* RECORDS SHOWN
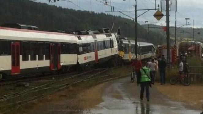 Околу 40 луѓе се повредени, од кои четворица посериозно, при судир на два воза што се случи во Швајцарија, јави АФП, повикувајќи се на швајцарската телевизија. Два воза се судриле директно во 19 часот по локално време во швајцарскиот кантон Гранж-пре-Марнан, во близина на градот Лозана, во западниот дел на земјата.
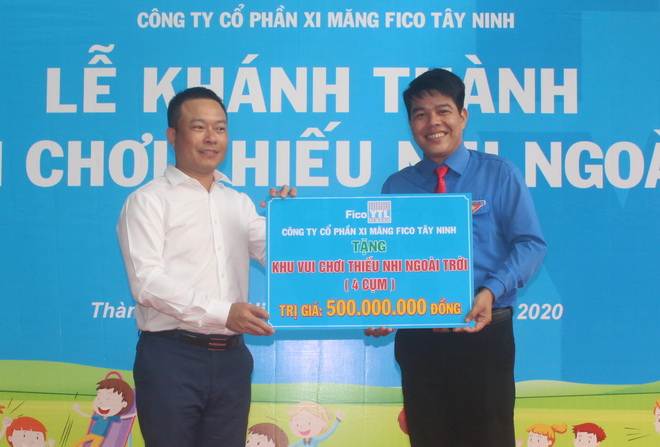 Ông Lê Đức Huy- Chủ tịch HĐQT Công ty Cổ phần Xi măng Fico Tây Ninh (trái) trao bảng tượng trưng tài trợ xây dựng khu vui chơi cho anh Lê Tấn Phát- Bí thư Thành đoàn TP.Tây Ninh.
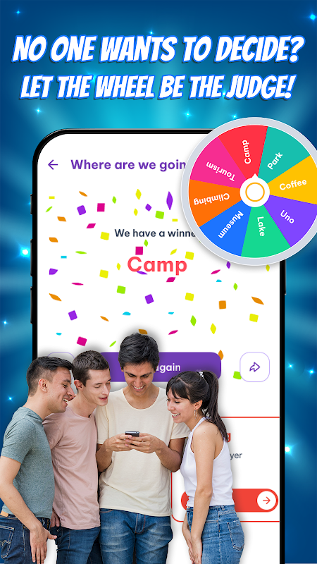 هر زمان که از فکر کردن به انتخاب های ساده خسته شدید، اجازه دهید Lucky Spin: به شما کمک کند تصمیم گیری را به عهده بگیرید! فرقی نمیکند رستورانی را انتخاب کنید، یک بازی مهمانی ترتیب دهید، یا تیمها را برای یک مسابقه تقسیم کنید، فقط بچرخید و بگذارید سرنوشت تصمیم بگیرد. سرگرم کننده، سریع و همیشه منصفانه است.
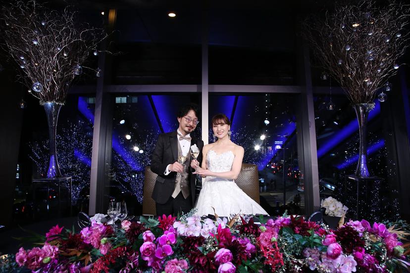 ゲスト卓は3種類用意して、スクリーンや高砂への目線を邪魔しないことをかなり重視して高低差をつけました。コリアンダーの会場は壁一面が窓でけやき坂のイルミネーションが見えます。毎年青なので映えるようにクロスなどのベースは黒にしたのが良かったです。
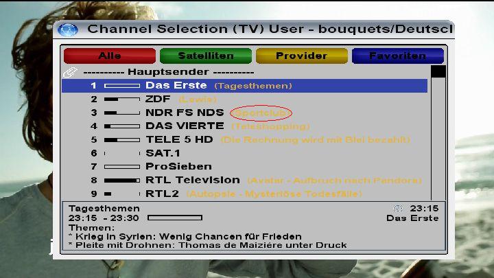 Nun musste ich leider feststellen das der geändert wurde!! Die Schrift in der Senderliste wo die Sendung angezeigt wird die gerade kommt, ist nun Gelb!!
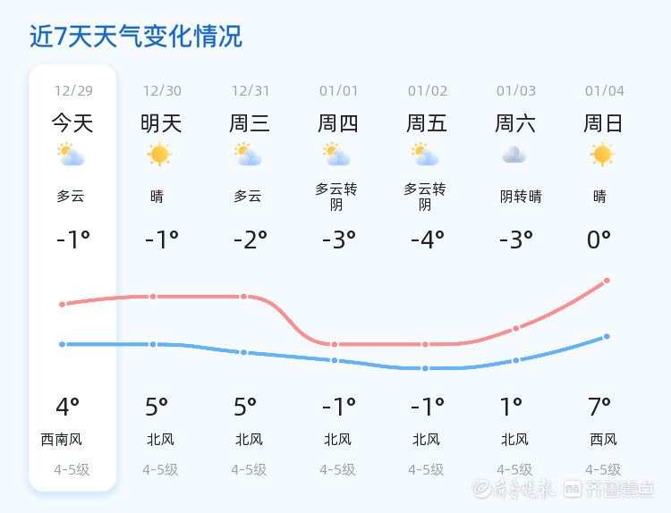明日(12月30日),威海市天气将转晴,气温略有下降,低温-1℃,高温5℃,北风4-5级。与今日相比,明日天气更加晴朗,但风力稍有增强,市民需注意防范大风带来的不便,尽量减少在风口处长时间停留。
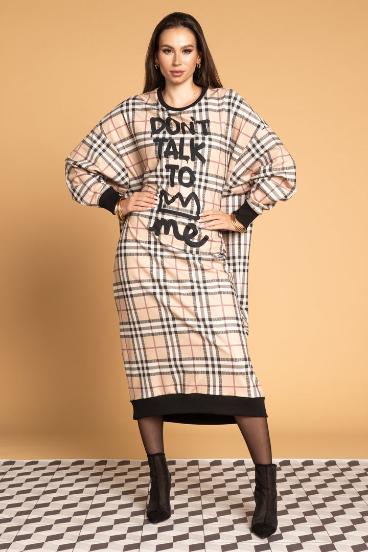 Hosszú ujjú, bő fazonú, vádliközép hosszúságú ruha. Oldalaiba zsebeket helyeztünk. Kerek nyakát, alját és ujja alját félbehajtott passzé anyagú pántok szegik. Hátán SUGARBIRD QUEEN ME feliratú címkével díszítettük.
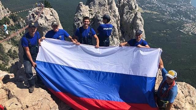 А еще государственный флаг России установили на вершине самой высокой горы Крыма — Ай-Петри.
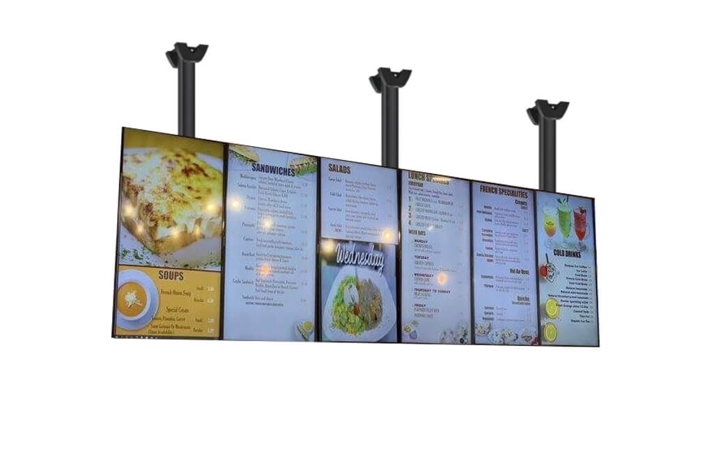 Prima paginăOras SmartTotem - Kiosk - Display InteractivDisplayuri profesionale Meniu Board cu 6 display-uri portret LG 49″ si prindere de tavan Vogel`s
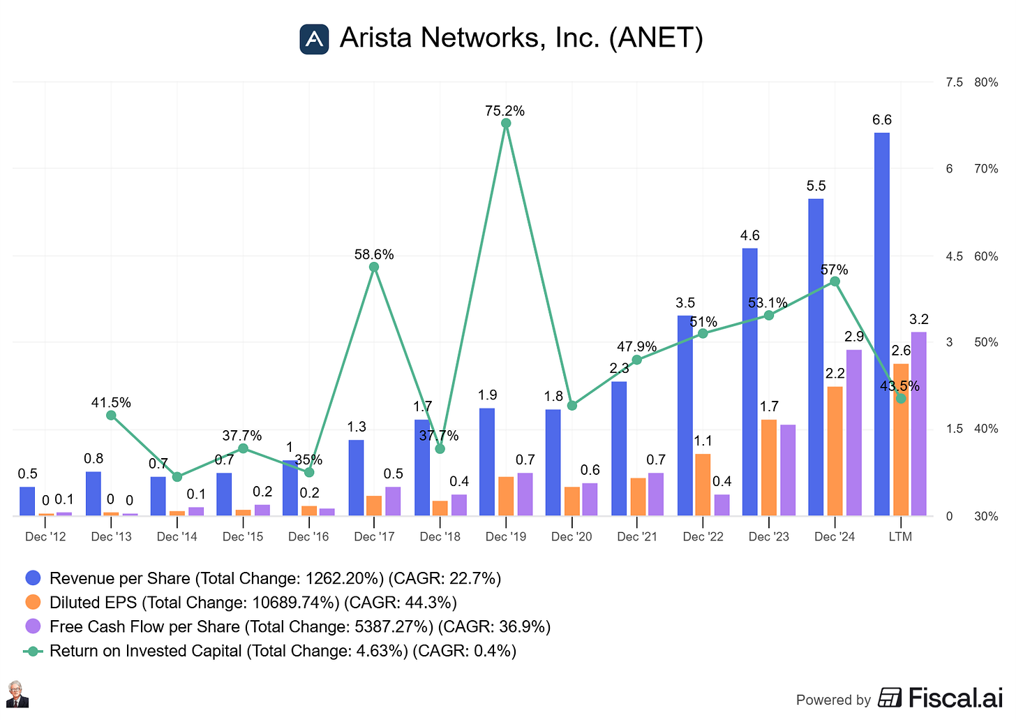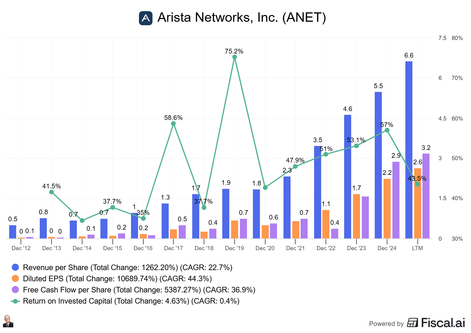 Arista has compounded revenue at a 22%+ CAGR over the past decade, driven by cloud data center adoption and market share gains from legacy incumbents. More recently, AI-driven networking demand has become a major incremental growth driver.
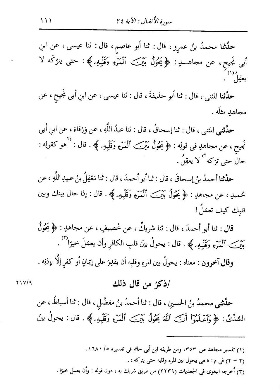 حَدَّثَنِي الْمُثَنَّى قَالَ: ثنا إِسْحَاقُ قَالَ: ثنا عَبْدُ اللَّهِ، عَنْ وَرْقَاءَ، عَنِ ابْنِ أَبِي نَجِيحٍ، عَنْ مُجَاهِدٍ، فِي قَوْلِهِ: " {§يَحُولُ بَيْنَ الْمَرْءِ وَقَلْبِهِ} [الأنفال: 24] قَالَ: هِيَ يَحُولُ بَيْنَ الْمَرْءِ وَقَلْبِهِ حَتَّى يَتْرُكَهُ لَا يَعْقِلُ "
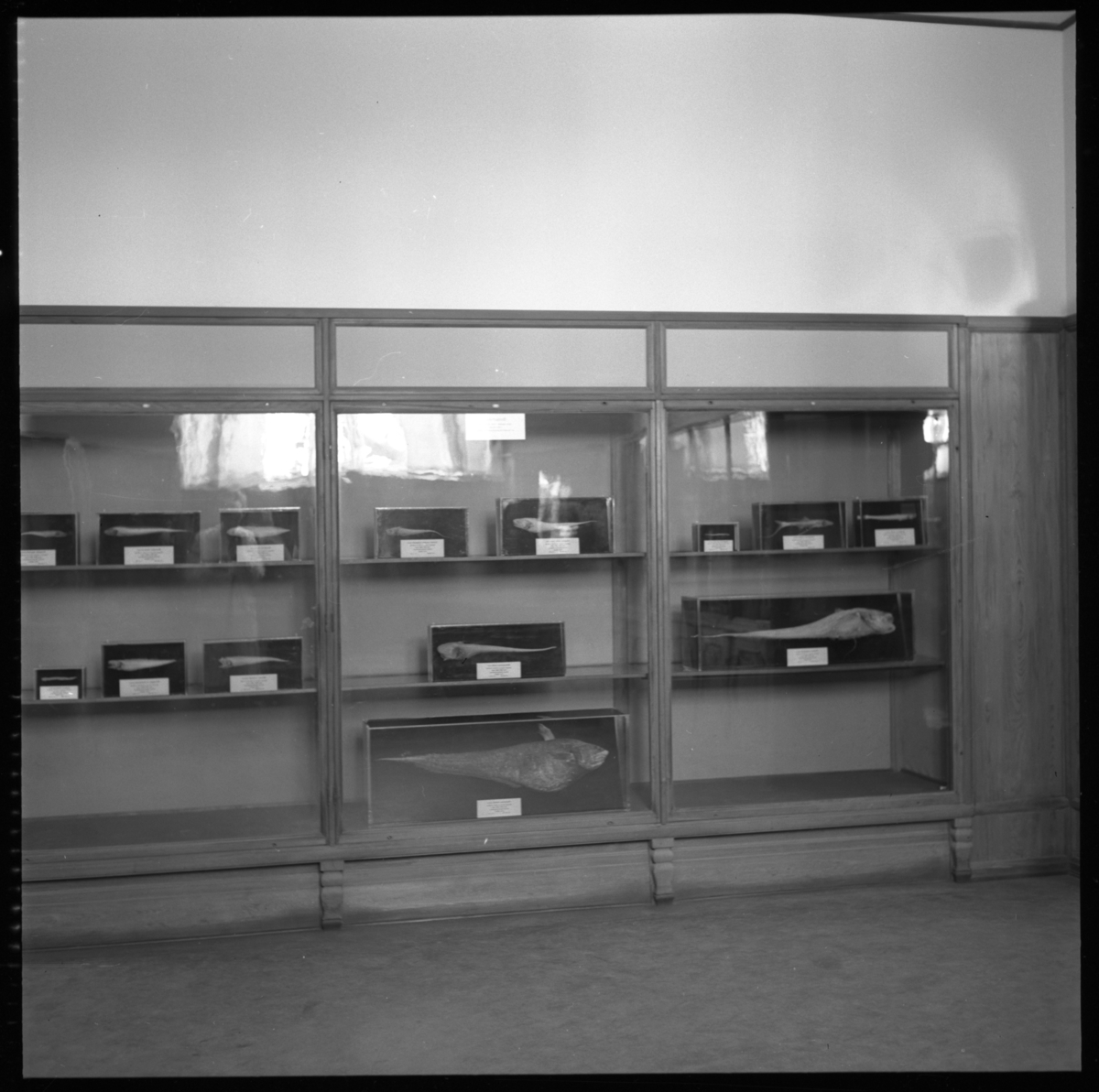 'Monterskåp med diverse fiskpreparat i glasburkar, längs vägg i fiskgången. :: :: Ingår i serie med fotonr. 7120 med diverse bilder från Hans Lohmander.'
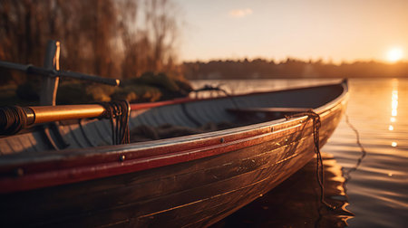 Fishing canoe on lakeside

* YOUR OBJECTIVE
Would you copy the lines above exactly, starting with the one that has "Ông Lê Đức Huy- Chủ" and ending with the one that has "Prima paginăOras SmartTotem", both included, without the pictures?

* OUTPUT BELOW
 Ông Lê Đức Huy- Chủ tịch HĐQT Công ty Cổ phần Xi măng Fico Tây Ninh (trái) trao bảng tượng trưng tài trợ xây dựng khu vui chơi cho anh Lê Tấn Phát- Bí thư Thành đoàn TP.Tây Ninh.
 هر زمان که از فکر کردن به انتخاب های ساده خسته شدید، اجازه دهید Lucky Spin: به شما کمک کند تصمیم گیری را به عهده بگیرید! فرقی نمیکند رستورانی را انتخاب کنید، یک بازی مهمانی ترتیب دهید، یا تیمها را برای یک مسابقه تقسیم کنید، فقط بچرخید و بگذارید سرنوشت تصمیم بگیرد. سرگرم کننده، سریع و همیشه منصفانه است.
 ゲスト卓は3種類用意して、スクリーンや高砂への目線を邪魔しないことをかなり重視して高低差をつけました。コリアンダーの会場は壁一面が窓でけやき坂のイルミネーションが見えます。毎年青なので映えるようにクロスなどのベースは黒にしたのが良かったです。
 Nun musste ich leider feststellen das der geändert wurde!! Die Schrift in der Senderliste wo die Sendung angezeigt wird die gerade kommt, ist nun Gelb!!
明日(12月30日),威海市天气将转晴,气温略有下降,低温-1℃,高温5℃,北风4-5级。与今日相比,明日天气更加晴朗,但风力稍有增强,市民需注意防范大风带来的不便,尽量减少在风口处长时间停留。
 Hosszú ujjú, bő fazonú, vádliközép hosszúságú ruha. Oldalaiba zsebeket helyeztünk. Kerek nyakát, alját és ujja alját félbehajtott passzé anyagú pántok szegik. Hátán SUGARBIRD QUEEN ME feliratú címkével díszítettük.
 А еще государственный флаг России установили на вершине самой высокой горы Крыма — Ай-Петри.
 Prima paginăOras SmartTotem - Kiosk - Display InteractivDisplayuri profesionale Meniu Board cu 6 display-uri portret LG 49″ si prindere de tavan Vogel`s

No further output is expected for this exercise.